Avevamo studiato un corpo nudo, morto, tagliato a pezzi. Questo era l’oggetto di studio della Facoltà di Medicina e Chirurgia. Poi arrivò Alessandro Seppilli e il corso di Igiene. Allora il morto riprese vita all’interno di un contesto di vita e di lavoro, si vestì di un abito che lo connotava esteriormente e che rifletteva la sua interiorità, assunse la interezza e la complessità di un corpo in cui si integravano apparati diversi ma complementari. Dopo la laurea, nel Corso di Specializzazione in Igiene e Medicina Preventiva e nei corsi del Centro Sperimentale per l’Educazione Sanitaria arrivò Tullio Seppilli e quel nuovo oggetto di studio parlò, rivelando con la parola bisogni, domande, aspettative, all’interno di un sistema gerarchico di valori, manifestando così pienamente quella soggettività che la medicina tradizionale gli negava, relegandolo a oggetto passivo, inerte, paziente.

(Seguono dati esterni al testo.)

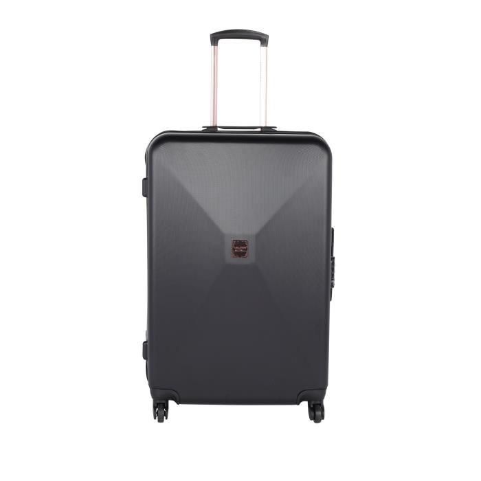 Valise 4 roues en ABS de coloris noir. Grand format : 75x46x31 cm. Syst?me trolley avec bouton poussoir. Poignées de portage latérale et supérieure. Ouverture zippée ? double curseur + Cadenas ? combinaison. Deux compartiments zippés, 2 poches de rangement en filets zippées et 2 poches élastiquées.
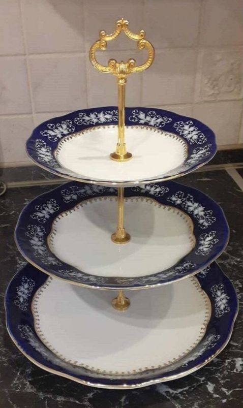 Zsolnay Pompadour három emeletes mintás, kék, süteményes porcelán kínáló tál eladó.
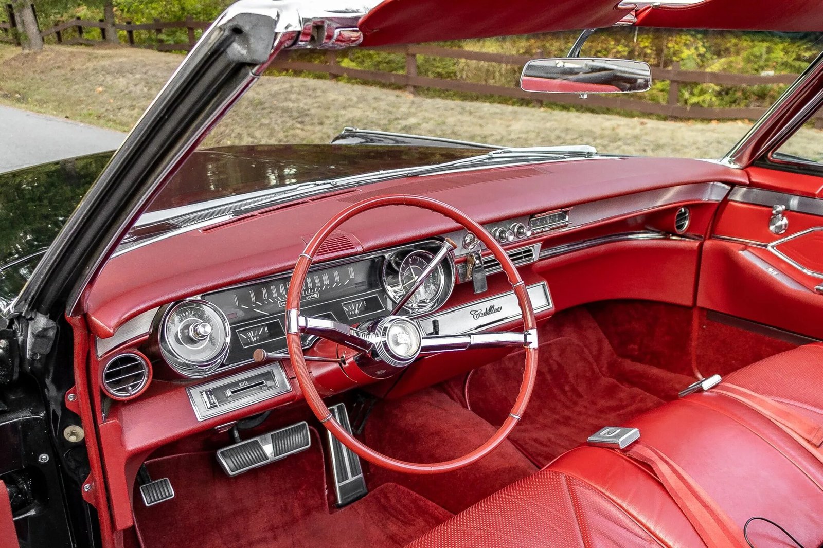 The interior was overhauled and features seating surfaces with red leather upholstery as well as a color-coordinated dashboard, door panels, and carpeting, the latter of which is protected by floor mats embroidered with Cadillac crests.
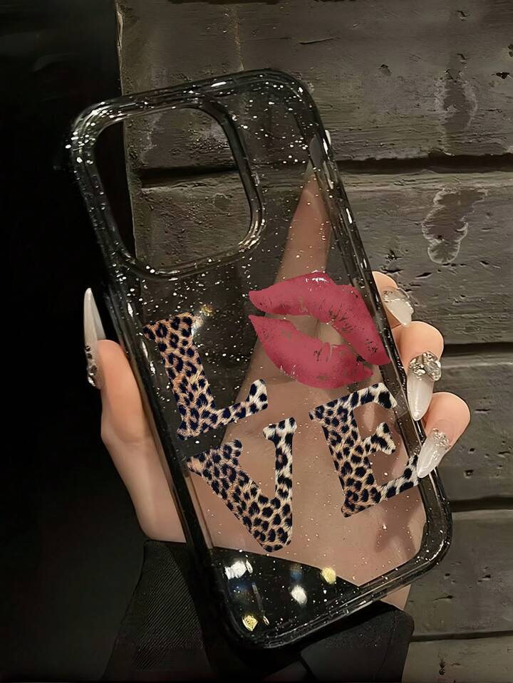 Grunge Punk 1pc Leopard Print Love Pattern Glitter Transparent Phone Case Compatible With Apple
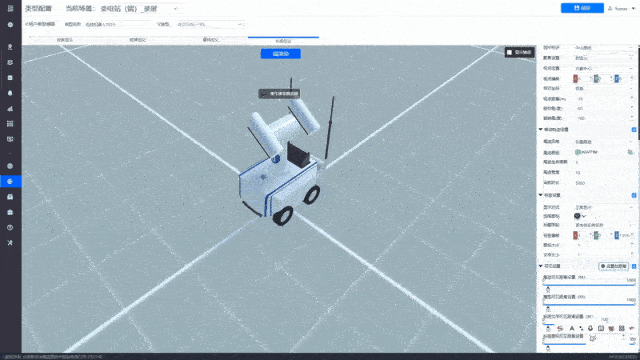 对于巡检机器人 与 通讯基站 间的通讯效果,基于孪易 IOC 平台的通讯链路元类型配置,配置属性字段,以动态光效连线呈现机器人与通讯基站的交互状态,实时显示巡检机器人采集数据的传输路径,从采集端到处理端的完整轨迹清晰可见。
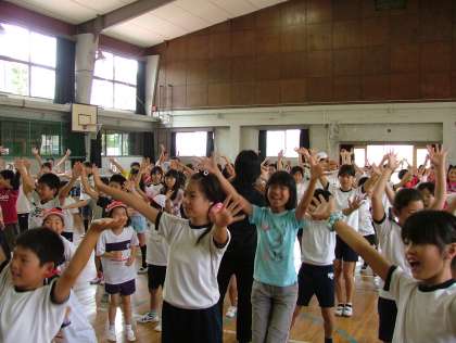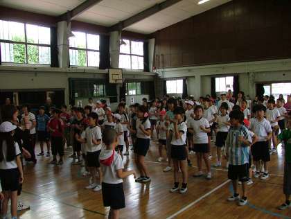 合同運動会最後の種目「みんなでダンス」の様子です。
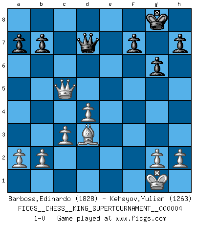 Last move : 1-0 2019 February 24 21:17:54 [Event "FICGS__CHESS__KING_SUPERTOURNAMENT__000004"] [Site "FICGS"] [Date "2018.12.16"] [Round "1"] [White "Barbosa,Edinardo"] [Black "Kehayov,Yulian"] [Result "1-0"] [WhiteElo "1828"] [BlackElo "1263"] 1.e4 e5 2.f4 d6 3.Nf3 exf4 4.d4 Qe7 5.Nc3 c6 6.Bxf4 Nd7 7.Bd3 Ngf6 8.O-O g6 9.Bg5 Bg7 10.e5 dxe5 11.Nxe5 O-O 12.Nxd7 Bxd7 13.Ne4 Rfe8 14.Bxf6 Bxf6 15.Nxf6+ Kh8 16.Nxd7 Qxd7 17.c3 Re7 18.Qd2 Rae8 19.Rae1 Rxe1 20.Rxe1 Rxe1+ 21.Qxe1 c5 22.Qe5+ Kg8 23.Qxc5 1-0 This chess game has been lost on time (started : 2018.12.16 15:42:43) King's gambit Kingside Castling by player White (move 8) Kingside Castling by player Black (move 11) Player White won this chess game. Follow this game move after move (download)You can only get good at Chess if you love the game. (Bobby Fischer) Als ich elf wurde, wurde ich einfach gut. (Robert James Fischer) Robert Fischer es la ley hacia si mismo. (Larry Evans) Aux échecs, l'amour-propre est satisfait quand on remporte la victoire, mais il n'y a pas de honte à être battu. (Benjamin Franklin) A woman without a man is like a fish without a bicycle. (Gloria Steinem)
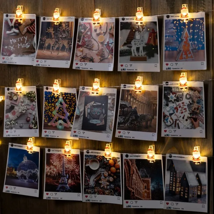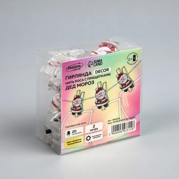 Гирлянда «Нить» 2 м роса с насадками «Прищепки с Дедом Морозом», IP20, серебристая нить, 20 LED, батарейки ААх2 (нет в комплекте), свечение тёплое белое — Характеристики
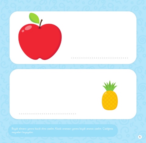 Büyük elmanın yanına küçük elma çizelim. Küçük ananasın yanına büyük ananas çizelim. Çizdiğimiz meyveleri boyayalım. 5
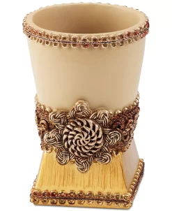 Effortlessly elevate your bathroom’s accessories with the elegant braided-medallion trim and polished tones of this stylish tumbler from Avanti.
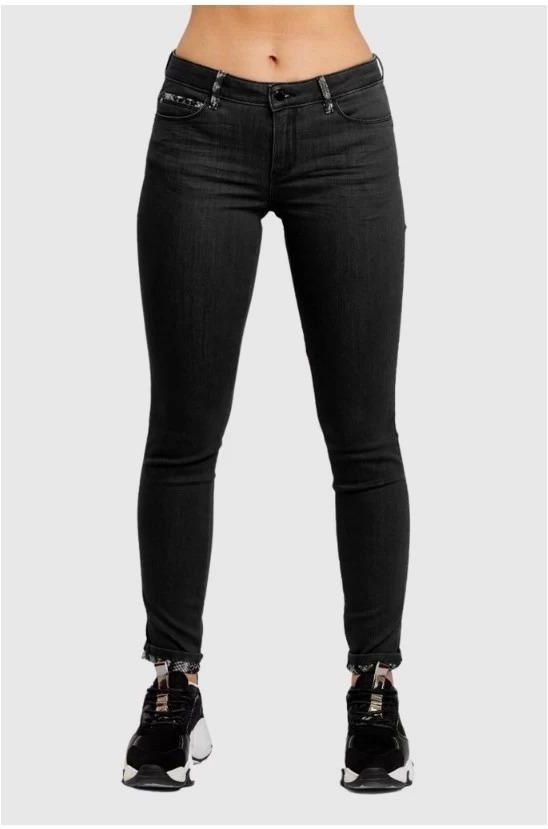 GUESS - CURVE x SHAPING FIT x MID RISE x SKINNY LEG Damskie jeansy GUESS w kolorze czarnym, wykończone detalami we wzór pytona. Wyściełane ciepłą, aksamitną w dotyku powłoką również we wzór pytona. Krój dopasowany, modelujący. Średni stan, wąskie nogawki. Zapinane na zamek i guzik. Z przodu trzy, z …
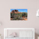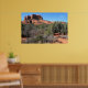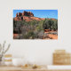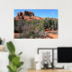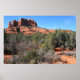Det här är en lågupplöst bild för webben. Den poster du får har en skarp färg och vass detaljrikedom. En panoramisk syn på skogen och landskapet vid katedralbasen Sten i Sedona, Arizona. Fotografi av Minerva Bloom.
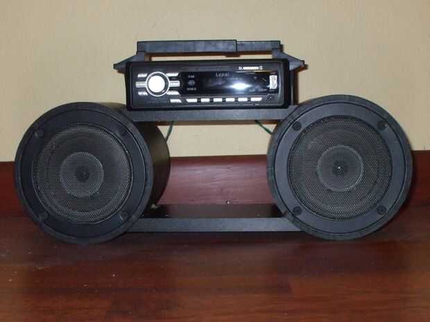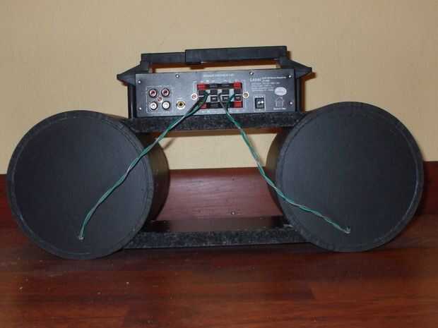 Los recintos de altavoces están hechos de un tubo de papel que suelo hoja viene rodado sobre, muy robustos sobre gruesos muros de 3/8" pero pueden usar acopladores de desagüe de PVC de 6". Los altavoces son de 5.25" coche. La construcción de los recintos del altavoz se hace similar a la pistola de cabeza de droide construido por jutorres.
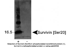 - A synthetic peptide surrounding the phosphorylated serine 20 of the human Survivin protein. [Swiss-Prot #O15392]
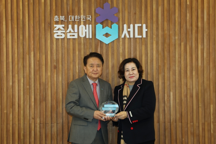 | ▲ 명예사회복지사 위촉패 전달식(왼쪽부터 김영환 지사, 정미경 충북사회복지사협회 부회장) |
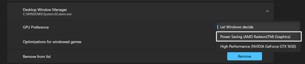 4.TıklayınMasaüstü pencere yöneticisiBölümü genişletmek ve seçmek içinGüç tasarrufuSeçenekGPU tercihiyıkılmak.
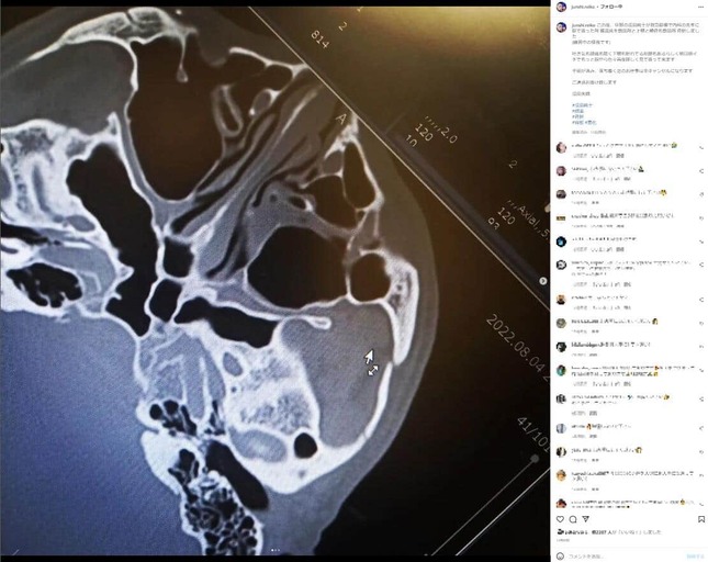 また、「心配おかけしました昨夜は救急外来のCTだけなので午前中にしっかり形成外科で検査してきます」とし、「過去に2度程眼窩ていの骨折をしているから折れやすいのかな?」と初めての経験ではないことを明かしていた。
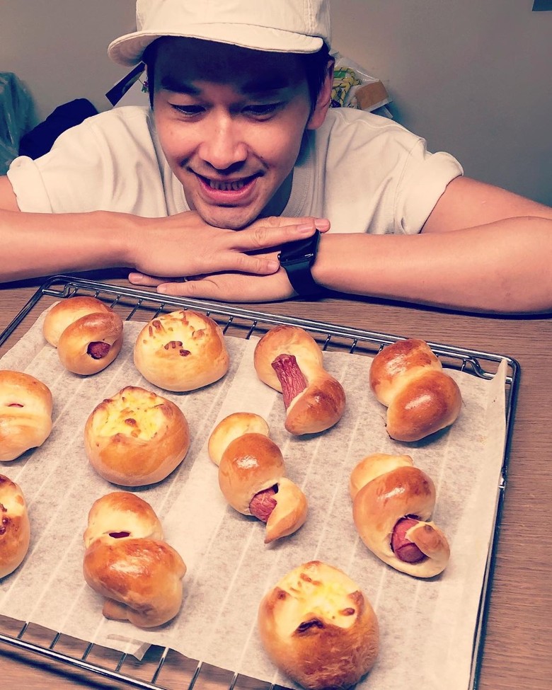 少爺占留言:「抗疫期三大活動:煮嘢食、行山、網購。今天參與『妹之麵包工作坊』,由妹之E媽帶領一班退休老人製作麵包。如果以作狀台式叫法的話,我今天製作了:手工酵素香腸卷、現造麻糬芝士波波、幸福滋味蛋沙拉烘焙人文生活麵包。」
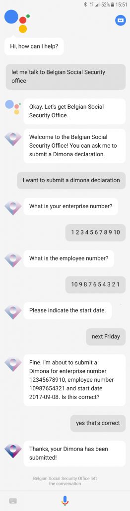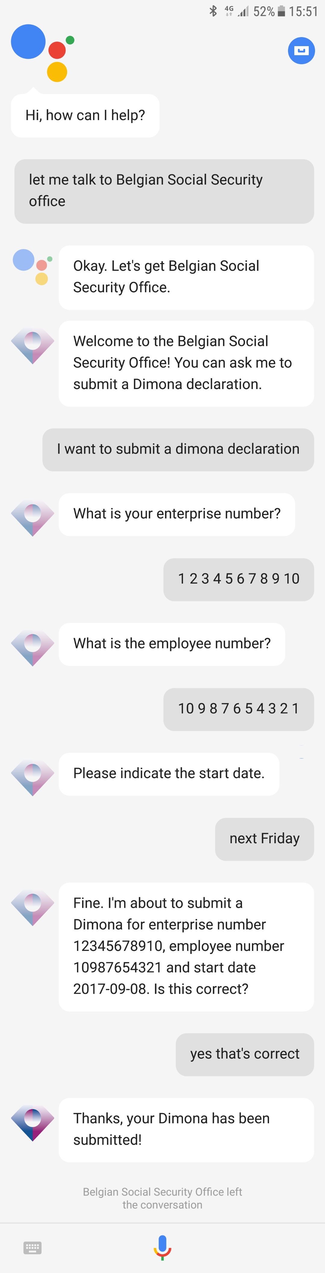 Naast de standaard features die Google zelf aanbiedt (zoals informatie opzoeken of muziek afspelen), kan je eigen “actions” toevoegen aan de assistent. Zo hebben we binnen het research team van Smals een experiment opgezet met een Dimona action. Dimona staat voor “Declaration immédiate – Onmiddellijke aangifte” en slaat op het elektronisch bericht waarmee de werkgever iedere indiensttreding en uitdiensttreding van een werknemer aangeeft bij de RSZ. Doel is om aan te tonen hoe een Dimona-aangifte kan doorgestuurd worden op een totaal andere manier als de bestaande kanalen, namelijk via een tekst- of spraakgebaseerde conversatie. We spreken dan ook van een conversationele interface (zie de inleidende blogpost over conversationele interfaces).
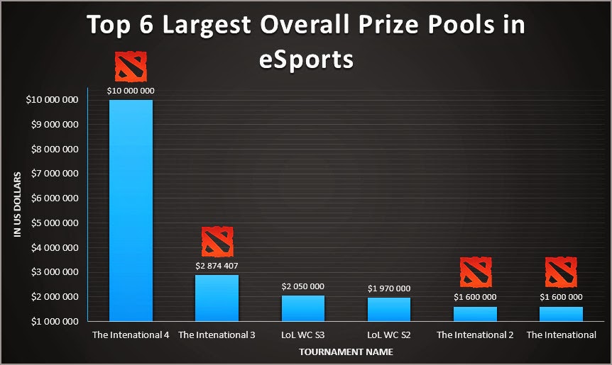 Esta es la gráfica del Top 6 de los pozos más grandes en los eSports.
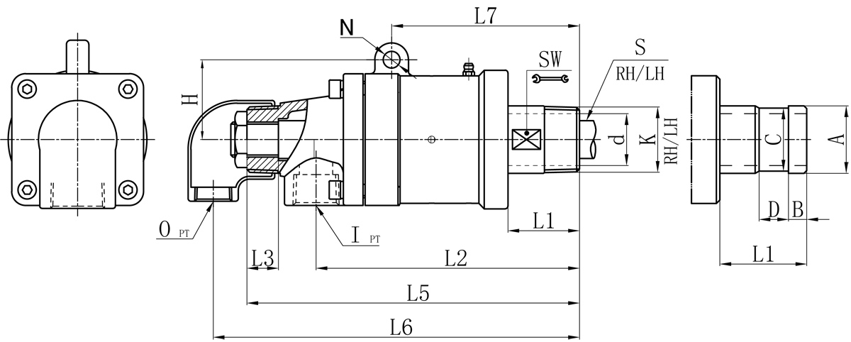 Model K I O S d L1 L2 L3 L5 L6 L7 N H SW 法蘭式外管尺寸對照表

Tullio ci spiegò, affascinandoci per poi anche confonderci per la messa in discussione di certezze e di semplificazioni, che ognuno di noi era portatore di conoscenze e di competenze, frutto della nostra esperienza esistenziale e delle infinite interazioni sociali, indispensabili, in campo sociosanitario, non solo per attivare efficaci interventi preventivi, ma anche per una puntuale diagnosi ed una puntuale terapia e anche per favorire una prognosi favorevole.
Non seminava certezze ma alimentava dubbi, esaltava i contrasti e le contraddizioni, cercando sempre la mediazione, il punto di caduta più opportuno, l’obiettivo più immediato, sia sul piano intellettuale, che su quello scientifico per arrivare a quello politico. Per poi ripartire criticamente, riaprire interrogativi, risollecitare riflessioni, ma sempre partendo dallo scalino precedente, non azzerando niente, lavorando per addizione, mai per sottrazione.
Sempre con lo stesso tono, mai aspro, mai tagliente, fermo e pacato, coinvolgente, seduttivo.
Il rapporto con lui non era mai simmetrico ma complementare, perché non si poneva mai in antitesi, in pieno contrasto, in un rifiuto di confronto. Si meravigliava di ogni forma di aggressività, non solo perché la riteneva immotivata se rivolta nei suoi confronti, ma, in quanto tale, indegna, inaccettabile, ingiusta.
In questo sicuramente aveva pesato, in quanto ebreo, la sua condizione di paria, di escluso, di profugo, ma anche in quanto comunista, portatore di una alterità ideologica e politica, fortemente avversata, negata, perseguitata.
Non era un atteggiamento legato al bon ton o alla buona educazione e neanche alla certezza delle proprie idee o di una fede, ma alla piena padronanza di un metodo per leggere e capire, sicuramente i processi culturali, le dinamiche sociali, i conflitti ideologici, molto più delle proprie contraddizioni, con sé e con gli altri.
Questo metodo gli ha permesso di essere un maestro, nell’impegno universitario, in quello politico e in quello sociale. Senza essere un accademico, un politicante, un mestatore.